Informacoes sobre ordens
| Nome do Produto | Numero de Catalogo | UNID | Preco | Qde | FAVORITOS | |
Oxr1 Plasmídeo de ativação de CRISPR (m) | sc-431284-ACT | 20 µg | $397.00 |
Oxr1 (resistência à oxidação 1) em camundongo codifica uma proteína responsiva ao estresse que sustenta a resiliência neuronal e celular ao dano oxidativo, modulando a homeostase redox e preservando a integridade do genoma. Oxr1 está implicado na função mitocondrial, na desintoxicação de espécies reativas de oxigênio e em vias de resposta a danos no DNA que influenciam a sobrevivência celular sob estresse metabólico ou ambiental. A perturbação da expressão de Oxr1 tem sido associada a fenótipos relevantes para a neurodegeneração e a maior sensibilidade à lesão oxidativa, tornando-o útil para estudar mecanismos de manutenção neuronal e adaptação ao estresse. Como regulador da tolerância ao estresse oxidativo, Oxr1 oferece um alvo acessível para dissecar o crosstalk entre disfunção mitocondrial, sinalização de dano ao DNA e proteostase.

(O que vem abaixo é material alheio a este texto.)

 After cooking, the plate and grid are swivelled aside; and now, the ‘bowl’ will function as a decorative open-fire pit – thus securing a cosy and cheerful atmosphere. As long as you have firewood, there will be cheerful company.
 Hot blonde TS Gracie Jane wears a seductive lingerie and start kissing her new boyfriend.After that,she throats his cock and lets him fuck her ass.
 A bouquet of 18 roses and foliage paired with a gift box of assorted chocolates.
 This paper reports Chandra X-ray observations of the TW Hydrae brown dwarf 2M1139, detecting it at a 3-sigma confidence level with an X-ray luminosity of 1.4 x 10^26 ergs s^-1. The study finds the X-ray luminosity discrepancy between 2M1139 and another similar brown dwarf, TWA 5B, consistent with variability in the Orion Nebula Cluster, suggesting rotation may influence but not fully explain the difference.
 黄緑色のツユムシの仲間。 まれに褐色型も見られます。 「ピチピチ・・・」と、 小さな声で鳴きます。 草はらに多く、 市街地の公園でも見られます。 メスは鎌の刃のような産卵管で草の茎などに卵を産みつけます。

Oxr1 O Plasmídeo de Ativação CRISPR (m) oferece uma abordagem direcionada e não destrutiva para regular positivamente a expressão endógena de Oxr1 sem alterar a sequência de ADN subjacente.

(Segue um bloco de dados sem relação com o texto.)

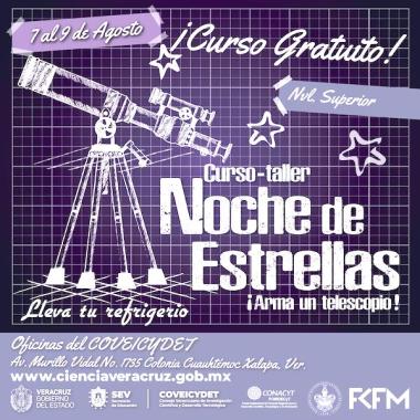 En tanto que, del 07 al 09 de agosto, jóvenes de educación superior podrán participar en la “Noche de estrellas” donde armarán un telescopio, teniendo como sede las oficinas del COVEICYDET, en la avenida Murillo Vidal # 1735 de la colonia Cuauhtémoc.
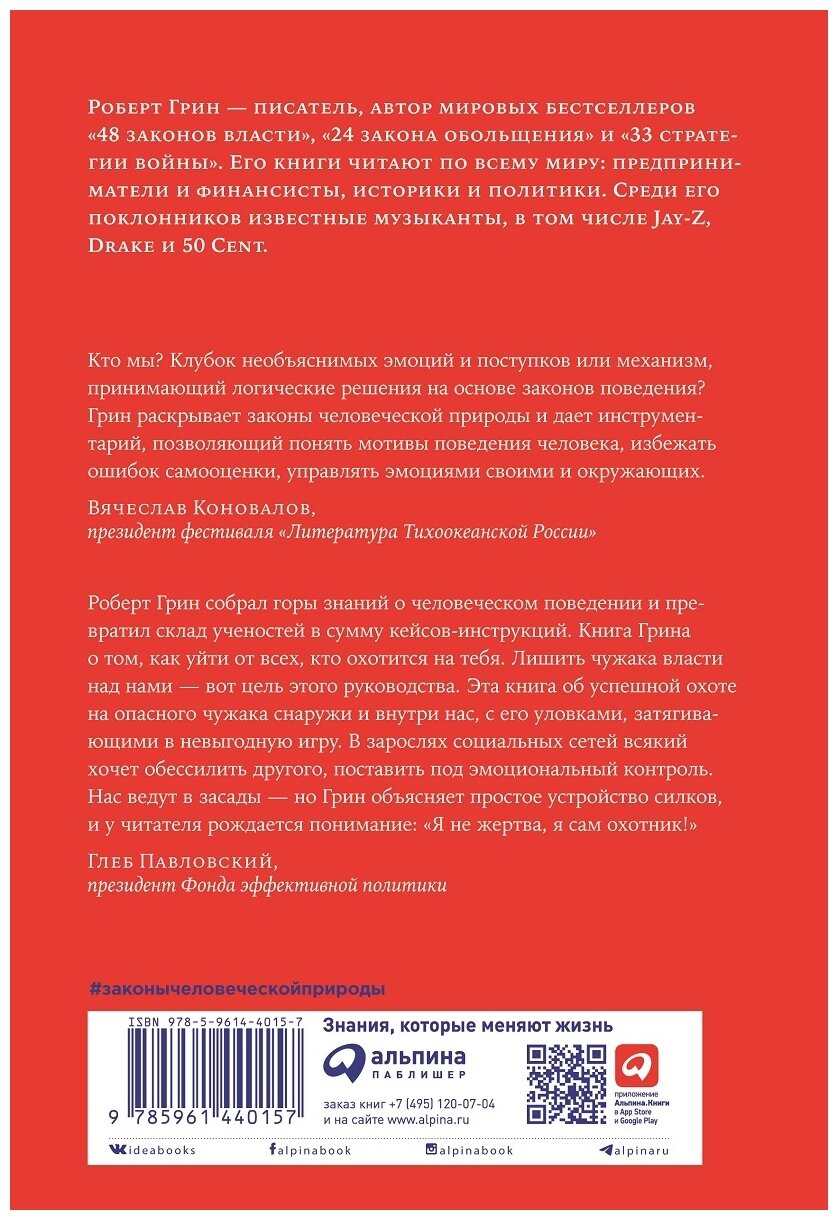 Роберт Грин — публицист, автор бестселлера «48 законов власти». Анализируя исследования психотерапевтов, биографии исторических личностей и собственные наблюдения, он выводит 18 универсальных законов, которые определяют поведение людей. За основу взяты работы Карла Густава Юнга, Пола Экмана, Артура Шопенгауэра, Джозефа Леду, Франса де Вааля и других ученых и знаменитых мыслителей. В каждой главе описываются силы, которые управляют человеческой природой: например нарциссизм, зависть, агрессия, непостоянство. По мнению Грина, в большинстве своем люди даже не осознают глубинное действие этих сил, которые буквально тянут нас в разные стороны. Но если мы поймем, откуда они взялись и как действуют, то сможем отследить и деструктивные паттерны поведения — своего или чужого. Тогда мы поймем, как можно от них избавиться, и сможем обратить эти законы в свою пользу.

Oxr1 O Plasmídeo de Ativação CRISPR (m) é um sistema mediador de ativação sinérgica (SAM) de três plasmídeos, concebido para a regulação positiva transcricional altamente eficiente e específica do locus Oxr1 em linhas celulares humanas. O sistema é construído em torno de uma Cas9 cataliticamente inativa (dCas9) portadora de duas mutações inativadoras (D10A e N863A) que eliminam a atividade nuclease, preservando simultaneamente a ligação ao ADN. Esta dCas9 é fundida com VP64, um potente ativador transcricional, e é coexpressa com um gene de resistência à blasticidina para seleção. O segundo plasmídeo codifica a proteína de fusão MS2-p65-HSF1, um complexo ativador secundário que atua em conjunto com o dCas9-VP64, juntamente com um gene de resistência à higromicina. O terceiro plasmídeo codifica um sgRNA de 20 nt específico para o alvo, fundido a dois aptâmeros de RNA MS2 que recrutam o complexo MS2-p65-HSF1 para o local de ativação, acompanhado por um gene de resistência à puromicina. Os três plasmídeos são administrados numa proporção de massa de 1:1:1 para uma expressão equilibrada de todos os componentes do sistema.

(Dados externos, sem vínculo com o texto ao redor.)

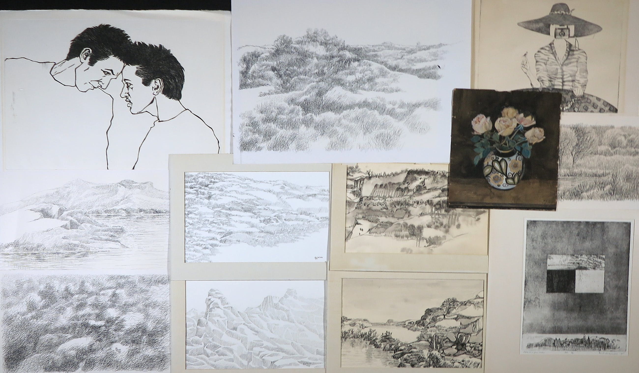 De conditie van de werken in dit lot verschilt. Over het algemeen zijn de werken in goede staat. Enkele werken zijn beschadigd (vouwlijnen, gekreukt papier, scheurtjes).
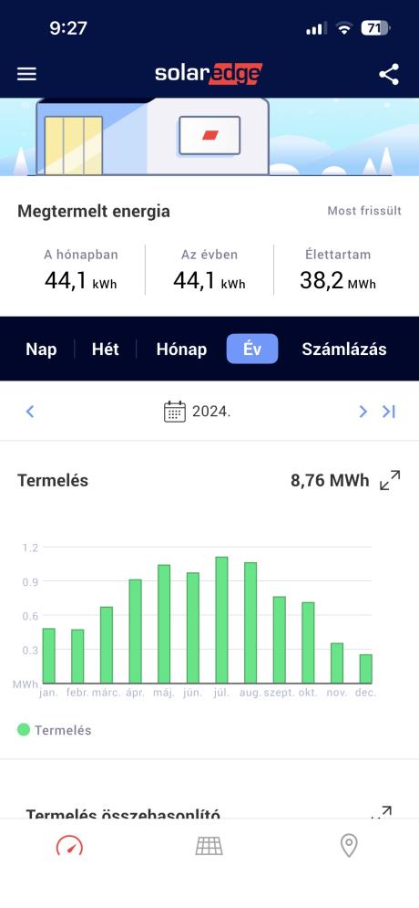 Válasz ..,-:) #774. hozzászólásáraA napelemes rendszert annak tudatában kell betervezni, hogy télen pár hónapig nem fog megfelelően termelni. Az év nagy részében azért nem rossz.
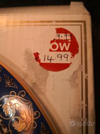 La confezione in cartone è presente, in discrete condizioni in quanto presenta una "sbucciatura" dovuta a un tentativo di rimozione del prezzo (vedasi foto contenente il bollino).

Uma vez montado no locus alvo, o complexo SAM liga-se a cerca de 200 pb a montante do local de início da transcrição Oxr1, onde VP64, p65 e HSF1 atuam em conjunto para recrutar a maquinaria transcricional e impulsionar a regulação positiva da expressão endógena de Oxr1. Ao contrário da Cas9 com atividade nuclease, o dCas9 não introduz quebras de cadeia dupla nem modifica a sequência genómica, preservando o locus Oxr1 nativo e permitindo o estudo de respostas transcricionais dependentes de Oxr1 no locus endógeno, tornando-o uma ferramenta valiosa para estudos funcionais, identificação de genes-alvo e modelagem da restauração da via Oxr1 em células tumorais com expressão de Oxr1 silenciada ou reduzida.
Apenas para uso em investigação. Não se destina a uso diagnóstico ou terapêutico.